Credentialing as a Corporate Function | GHX
Tuesday, November 08, 2016

Credentialing as a Corporate Function

posted by: Adam Josephson, director Product Management

What are some of the biggest challenges that vendors face with credentialing?

When hospitals began creating credentialing programs they turned to their vendors, holding them accountable for meeting the new credentialing requirements. It turned out that many vendors were not prepared for the scope of this event. As companies endeavored to meet the variety of compliance requirements for each healthcare organization, the struggle to incorporate credentialing into everyday business practices came into the spotlight.

Different models for credentialing were adopted by companies with a variety of outcomes. Many vendors pass the responsibility of credentialing on to their sales representatives or to an existing staff member. The challenge in either of these scenarios is that credentialing is secondary to their primary job responsibilities and as a result doesn’t always receive the attention needed.

Vendors have begun to understand the importance of credentialing to their healthcare provider customers – many clearly getting the message when their sales reps are denied access to an account. As this practice has increased in frequency, companies are dedicating more resources to credentialing to support sales revenue goals. But, even as more resources are allocated toward credentialing, the constantly shifting nature of credentialing dictates the need to exercise efficiency in every possible avenue.

The credentialing process presents several challenges in the way of manual tasks for administrators – uploading and emailing documents for sales reps, storage, documentation and accessibility – all resulting in a significant investment of time. The absence of a formal industry standard makes incorporating the following components even more valuable to a successful credentialing program.

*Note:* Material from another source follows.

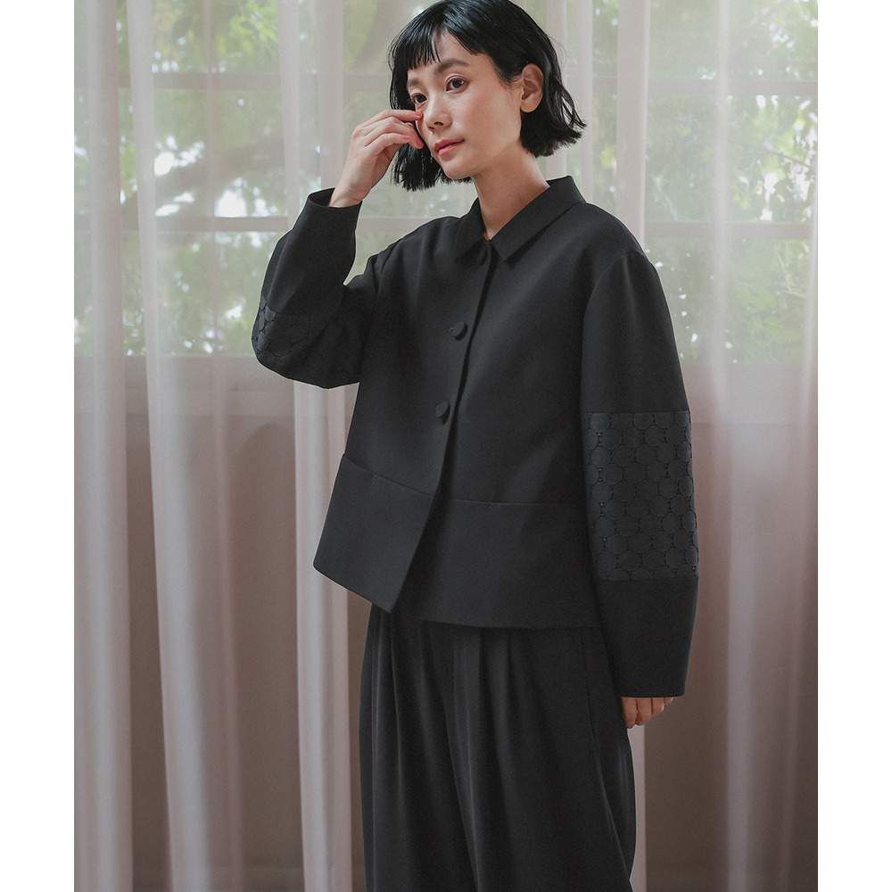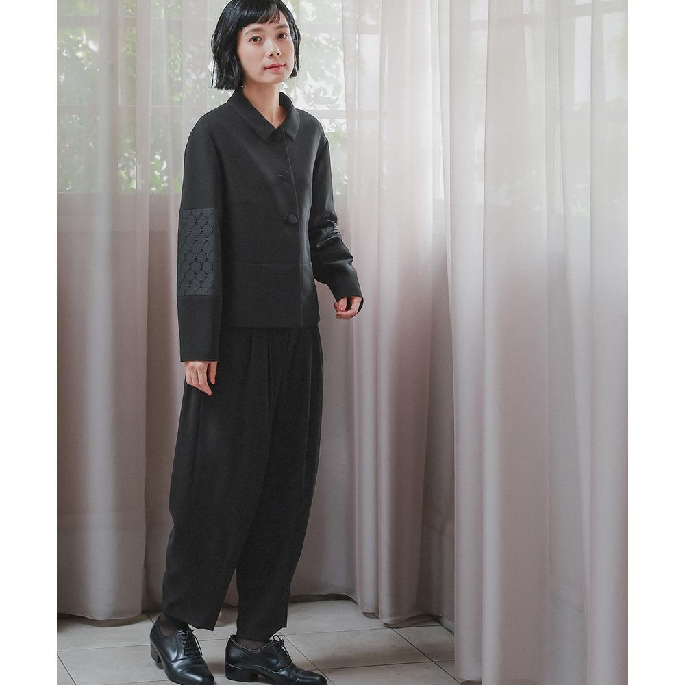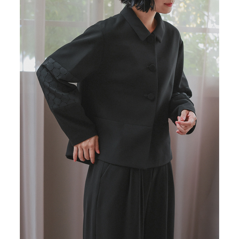 【喪服・礼服】袱紗も入る多ポケット仕様 洗える防しわ水玉レースドロップショルダージャケットコクーンパンツセットアップスーツ 大きいサイズ Neina

Key components for a successful credentialing program

Centralized Program 
The credentialing program should be centrally run and recognized as a corporate function. Documentation of a formal process for completion is critical. The process should be streamlined with cross-functional teams requiring access to documents made available as simply as possible.

Endorsed from the top down 
The most successful credentialing programs are endorsed by senior management. This ensures buy-in and accountability throughout the organization and communicates agreement on the value of credentialing. All reps should follow the same protocol, therefore not left to determine requirements or processes to follow for credentialing.

Begin credentialing at on-boarding
Reps that are educated on credentialing practices in the on-boarding process are better positioned for success in the long-term. This reinforces the value of credentialing to the company from the start and helps to create a culture of compliance. This also supports an efficient program enabling administrators, or reps, to handle just renewal requirements or the occasional one-off requirements needed for a specific healthcare organization.

These three components help to set the stage for success. A centralized and streamlined program will be more efficient, cutting back on time that reps spend on credentialing functions, time that can be spent in sales activities. It also served in reducing the time spent by administrators who also can use that time in more value-added activities.